Guaranteed Analysis:
Crude Protein-min 30% 
Fat min 14%
Fiber max 4% 
Ash 8 
Calcium 1.9
Phosphorus 1.36


----------



## sassymaxmom (Dec 7, 2008)

Lots of salmon? If I mix 10 ounces of canned salmon with 4 ounces of dry tapioca it comes out 32% protein. That salmon is mostly water so if it was a meal, which it isn't, my recipe would be about 3 ounces of dry salmon to 3.5 ounces of completely dry tapioca and would still be 32% protein.

Alfalfa is pretty high in protein at 13-17% but I hope there isn't that much of that in there. Good stuff but we are feeding dogs here!


----------



## Unosmom (May 3, 2009)

I did some snooping around and theres not a lot of feedback on this food, the main concern is that they wont disclose where the food is made. Very suspicious. 

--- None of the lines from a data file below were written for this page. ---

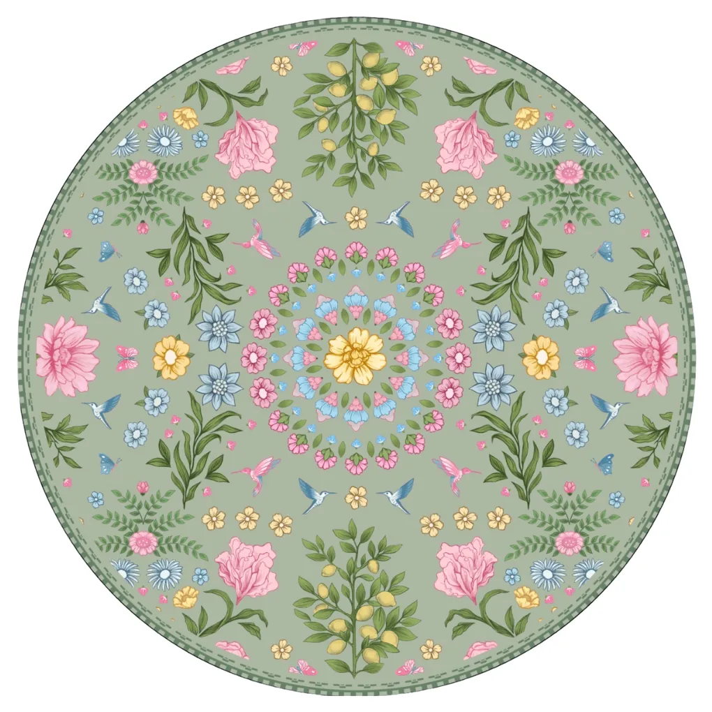 Een vrolijk design vol met details en een frisse groene kleur, deze badmat heeft het allemaal! Met een diameter van 90 cm is hij lekker ruim en past hij in de meeste badkamer perfect.
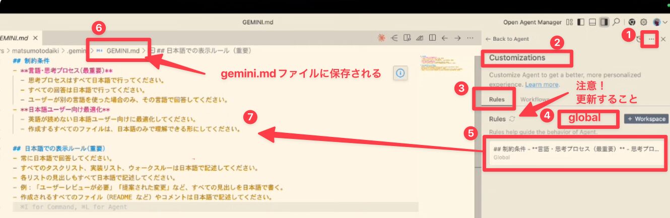 「Customization」→「Rules」→「Global」を開き、以下の内容を記述します。思考プロセスはすべて日本語で行ってください英語が読めない日本語ユーザー向けに最適化してくださいTask list / Implementation plan / Walkthrough もすべて日本語で記述してください記述後、保存(Ctrl+S / Cmd+S)し、画面をリフレッシュして設定を反映させます。
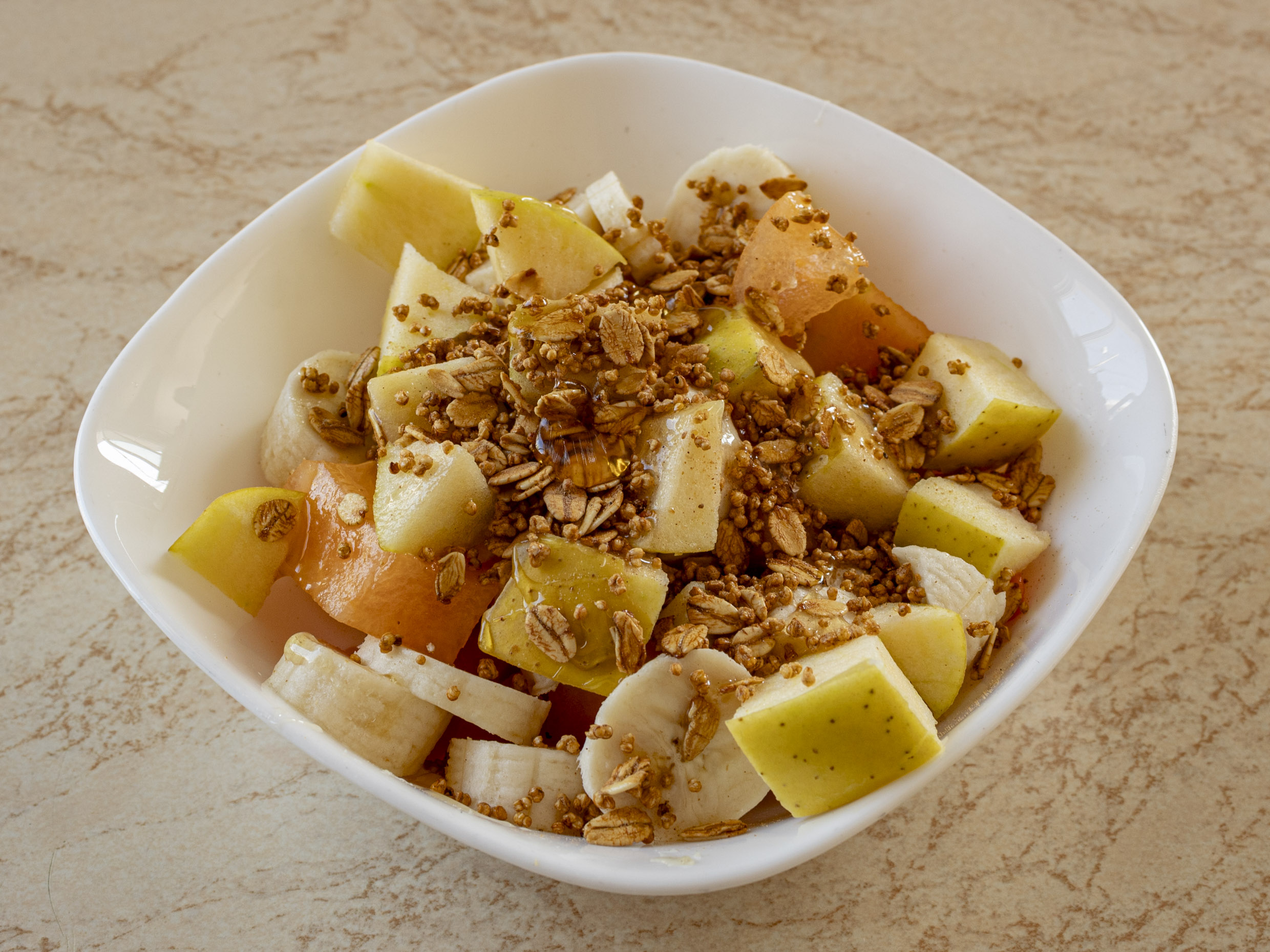 Melón, papaya, manzana, platano (con miel y granola)
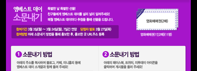 3¿ù ¿¥º£½ºÆ® µ¥ÀÌ Ã¹ ¹øÂ° ½ÃÀÛ, ¸Å¿ù 11ÀÏ! ¸ðµÎ ¸ð¿©¶ó!! 2014.03.11(È­) ~ 2014.03.17(¿ù)
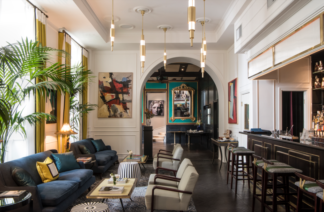 Vilòn Roma is a hidden treasure of Rome that attracts art lovers from all over the world. Its location could not be more impressive, neighbouring Palazzo Borghese and Via dei Condotti, the outstanding examples of Late Renaissance and Romanesque architecture. The rooms have a bright and colourful ambience, as well as unique eye-catching paintings spread out across the property. Contemporary art adds an inimitable grace and attracts travellers with an art appreciation. Vilòn’s suites cultivate eclectic interiors with a mix of classical and modern decor with a view of Borghese Palace Gardens. The combination of preserved historical architecture and the elegance of the modern interior is equally stunning and balances one another. Art Deco elements can be spotted next to the Rococo-style columns and portrait photography installations that strike with energy. The building itself dates to the mid 16th century, where once it was a school for girls called ‘House annexed to Palazzo Borghese’. Today, this historic mansion has been transformed into a luxury boutique hotel in the heart of Rome.
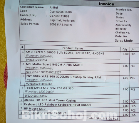 Proccesor : Amd Ryzen 5600g Motherboard : msi Ram: 8 Ssd: 256 gb Monitor: 22" inch. Unv brand Keyboard : havit lighting Mouse: A4 tech Rgb cassing
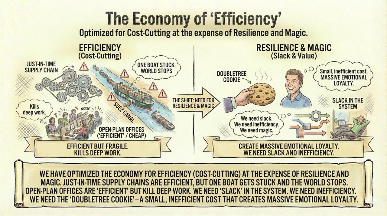 We need "slack" in the system. We need inefficiency. We need the "DoubleTree Cookie"—a small, inefficient cost that creates massive emotional loyalty.
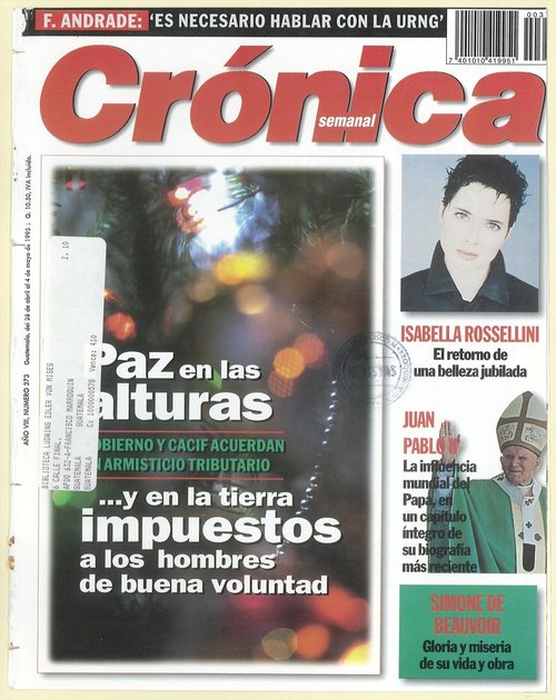 |   | Paz en las alturas ... y en la tierra impuestos a los hombres de buena voluntad 1995 | Literatura Relacionada | Videos Relacionadas |
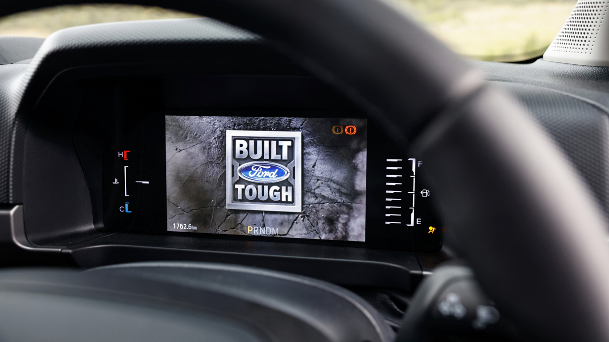 Standard is a 4.5-tonne compatible tow bar and hitch, integrated trailer brake controller, a tow/haul mode as part of selectable drive modes, plus Ford’s Pro Trailer Back-Up Assist where you use a centre console rotary dial to adjust steering while reversing. It’s hands-off steering wheel stuff… weird on first use, but regular tow folk will no doubt appreciate it.
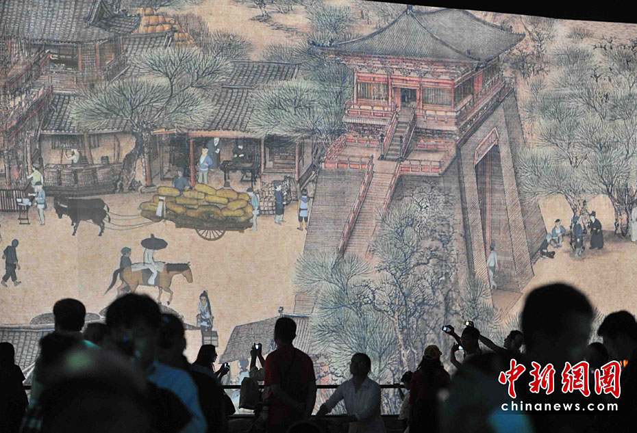 5月2日,中外觀眾依然最熱捧上海世博會(huì)中國(guó)館的“鎮(zhèn)館之寶”——巨幅放大電子動(dòng)態(tài)版的北宋畫家張擇端名作《清明上河圖》。此世博版的《清明上河圖》高6.3米,長(zhǎng)130余米,約是原圖的30倍,需要12臺(tái)電影級(jí)的投影儀同時(shí)工作。整個(gè)活動(dòng)畫面以4分鐘為一個(gè)周期,盡展宋朝盛世的都市日夜風(fēng)情。中新社記者 賈國(guó)榮 攝

Heres the email I sent them:

Hello

I'm interested in trying your food, but can you tell me where does the bulk of the protein come from if its 30% (salmon), is it strictly from animal sources or plant sources as well? most of the foods need to have meat meals to bulk up the protein content, is it different with freeze dried raw?

Thanks


Heres the reply I got:

The majority is from meat source with a little from the other sources.


talk about vague... 
I think I'll stick to Acana.


----------



## kevin bradley (Aug 9, 2009)

doesn't look horrible but certainly not a great food. just not enough meat.


----------



## Serendipity (Aug 13, 2010)

It does sound a bit suspicious...

The food is freeze dried, though, so the process may be different.


----------



## wags (Jan 31, 2009)

Sounds a bit shady when you research the dog food and no one can tell you who the manufacture is and you can find many different areas. I found Texas then California saw many different reviews about its great to its mediocre. When a company wont disclose who manufactures the product its just to weird. Like where are they outsourcing the actual ingredients from then? china? Pakistan? Iran where? I don't trust a company that wont tell you the plant they make it in and where its located. They claim its their own plant ok where is it then? I don't' like shady characters!


----------



## SamWu1 (Oct 15, 2010)

They only use whole meats so either they use a great deal of meat or their other ingredients are contributing to the protein content. They do use freezed dried meat and liver so I do like that but for my hard earned money, I would go for Champion.


----------



## 1605 (May 27, 2009)

sassymaxmom said:


> Lots of salmon? If I mix 10 ounces of canned salmon with 4 ounces of dry tapioca it comes out 32% protein. That salmon is mostly water so if it was a meal, which it isn't, my recipe would be about 3 ounces of dry salmon to 3.5 ounces of completely dry tapioca and would still be 32% protein.
> 
> Alfalfa is pretty high in protein at 13-17% but I hope there isn't that much of that in there. Good stuff but we are feeding dogs here!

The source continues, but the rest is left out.